There doesn’t appear to be a high performance concurrent counter available in the .NET framework. I timed various simple implementations on my Core 2 Duo laptop:
- A single thread can increment a static field 1.5 billion times in 4 seconds.
- Two threads that update a static field runs slightly slower than 4 seconds probably due to the locking overhead.
- Two threads that use Interlocked.Increment to update a shared field takes 52 seconds!! Why is it so slow?
- Two threads that update a ThreadStatic field takes 2.5 seconds. Of course this isn’t a global counter, but it sets a baseline for performance.
- Two threads that update separate fields takes 3.7 seconds. Why? Probably because of cache contention.
- Two threads that update separate fields on different cache lines takes 2 seconds. A cache line is 64 bytes, or 8 long fields. So I added 7 long fields to force the 2 counter fields on different cache lines.
- Same as #6, but use an array of counters rather than fields. Now takes 8 seconds. Is this because of bounds checking?
- Same as #6, but use CompareExchange (CAS) to update fields, takes 22 seconds. There’s no contention and it always succeeds. Why is this operation so insanely expensive? It’s supposed to be a single machine op on x86.

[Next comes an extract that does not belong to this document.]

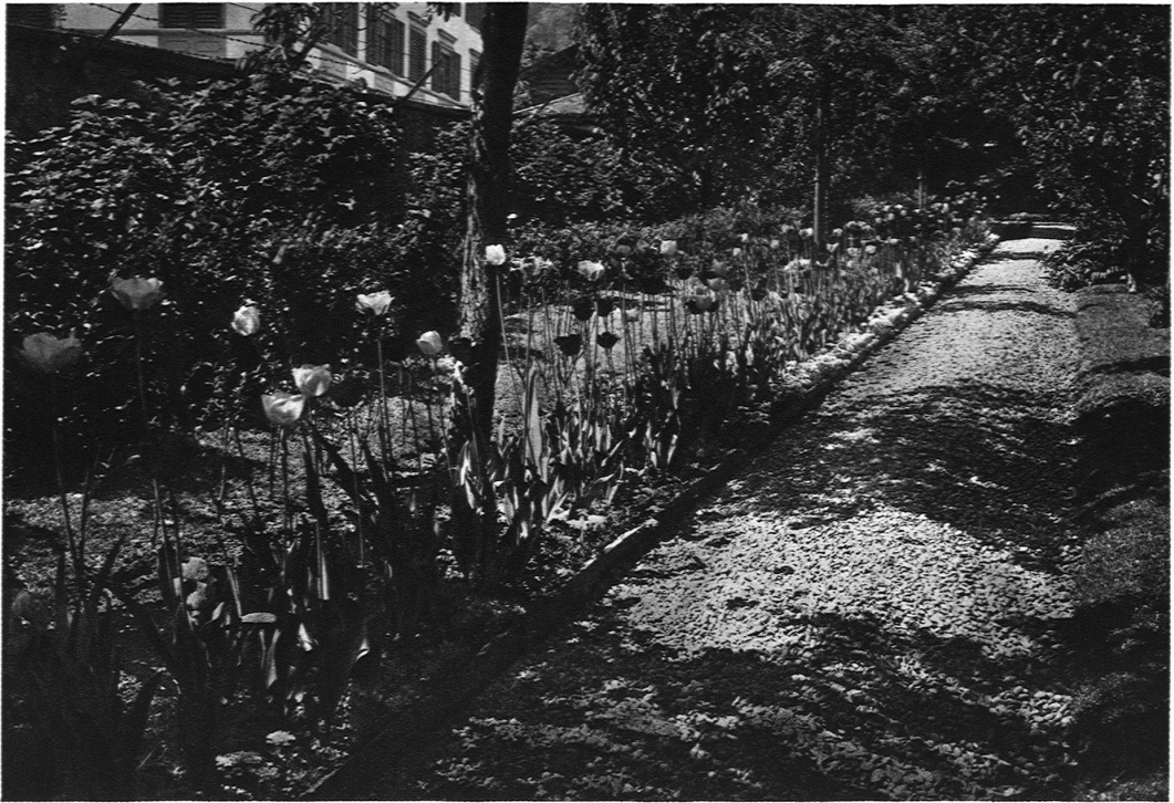
GARTEN SCHWEIZER Blumenweg

dabei dem Gelände künstlerisch über- oder unterordnet, ist eine Frage der jeweiligen Bauaufgabe.

Notice how small implementation differences result in giant performance gaps. Updating separate cache lines is important for speed, but I still need to sum the values to return the current count. Cliff Click has a clever implementation in Java here. However, it still relies on CAS to perform updates which will, on .NET at least, slow down performance by 10X. This post from Joe Duffy confirms that CAS operations are expensive. I suppose if these designs scale to a large number of threads then it’s worthwhile. But if it sucks for a few threads then it’s unusable for most programmers.